Так почему же сегодня уставным выражением лица у слишком заметной части наших прихожан считаются тоскливые глаза бассет—хаунда?
   Почему столь мрачны наши одежды? Один из знаков катастрофы, которая с нами произошла, это революция в церковно—национальном костюме (национальный костюм и церковное платье для меня одно и то же, ибо с нацией можно встретиться только в храме, а не в метро). Если в XIX веке женщины одевали в храм самые яркие, самые сарафанистые платья[193], то сегодня, напротив, преобладают черно—коричневые тона. А где знаменитые «белые платочки»? Сравните фотографии церковных служб сорокалетней давности и современную картину. Именно белых платочков в храмах стало меньше. Темные цвета стали основными. Верный знак перемены религиозной психологии.
   Однажды меня потрясло письмо блаженного Августина. Он жестко выговаривает одной своей прихожанке – Экдиции – за то, что та при живом муже стала носить черную одежду вдовы[194]. Такой выговор означает, что в православных храмах пятого столетия по одежде можно было опознать: это – девица, это мужняя жена, а это – вдовица. Но в наших храмах, судя по одежде, теперь все вдовицы. Начиная с трехлетнего возраста!

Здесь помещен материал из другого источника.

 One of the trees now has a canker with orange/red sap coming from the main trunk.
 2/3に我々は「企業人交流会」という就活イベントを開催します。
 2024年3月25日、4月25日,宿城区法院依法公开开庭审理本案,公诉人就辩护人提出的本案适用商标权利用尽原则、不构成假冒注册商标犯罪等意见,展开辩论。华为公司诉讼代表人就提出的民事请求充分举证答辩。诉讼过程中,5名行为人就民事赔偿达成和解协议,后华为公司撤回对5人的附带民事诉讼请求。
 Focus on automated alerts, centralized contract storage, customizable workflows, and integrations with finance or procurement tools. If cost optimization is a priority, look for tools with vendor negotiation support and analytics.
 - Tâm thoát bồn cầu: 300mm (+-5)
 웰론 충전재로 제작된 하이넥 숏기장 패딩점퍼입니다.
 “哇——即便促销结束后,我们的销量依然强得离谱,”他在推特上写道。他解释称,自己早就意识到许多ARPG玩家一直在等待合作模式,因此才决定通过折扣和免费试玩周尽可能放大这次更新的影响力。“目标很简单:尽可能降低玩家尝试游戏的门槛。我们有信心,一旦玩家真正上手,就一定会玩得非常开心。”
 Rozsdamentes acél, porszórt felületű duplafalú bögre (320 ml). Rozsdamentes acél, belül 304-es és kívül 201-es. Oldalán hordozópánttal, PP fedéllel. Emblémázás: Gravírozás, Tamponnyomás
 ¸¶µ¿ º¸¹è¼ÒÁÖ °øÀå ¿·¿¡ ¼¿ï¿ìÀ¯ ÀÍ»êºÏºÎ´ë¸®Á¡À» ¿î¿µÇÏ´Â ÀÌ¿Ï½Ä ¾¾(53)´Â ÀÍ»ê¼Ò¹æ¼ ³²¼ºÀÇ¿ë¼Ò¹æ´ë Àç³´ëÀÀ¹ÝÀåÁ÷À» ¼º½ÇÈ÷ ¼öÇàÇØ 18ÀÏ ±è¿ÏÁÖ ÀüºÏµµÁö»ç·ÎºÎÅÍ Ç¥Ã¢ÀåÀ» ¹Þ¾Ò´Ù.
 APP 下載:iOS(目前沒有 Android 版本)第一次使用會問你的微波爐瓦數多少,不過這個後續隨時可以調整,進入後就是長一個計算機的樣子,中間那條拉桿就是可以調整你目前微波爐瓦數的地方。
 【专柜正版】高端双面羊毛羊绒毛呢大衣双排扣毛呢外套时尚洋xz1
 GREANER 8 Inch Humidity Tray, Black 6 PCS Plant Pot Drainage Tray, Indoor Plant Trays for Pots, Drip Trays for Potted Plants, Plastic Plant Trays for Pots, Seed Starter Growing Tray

   Однотонно мрачный стиль наших церковных одежд означает, что ушла культура праздника. И это катастрофа не меньшая, чем демографическая. Ушло радостное переживание народом своей веры. "И дам этому народу сердце, иссушенное печалью, взор унылый и потухший, душу, снедаемую скорбью…" (Втор. 28,65; перевод с греческого[195]).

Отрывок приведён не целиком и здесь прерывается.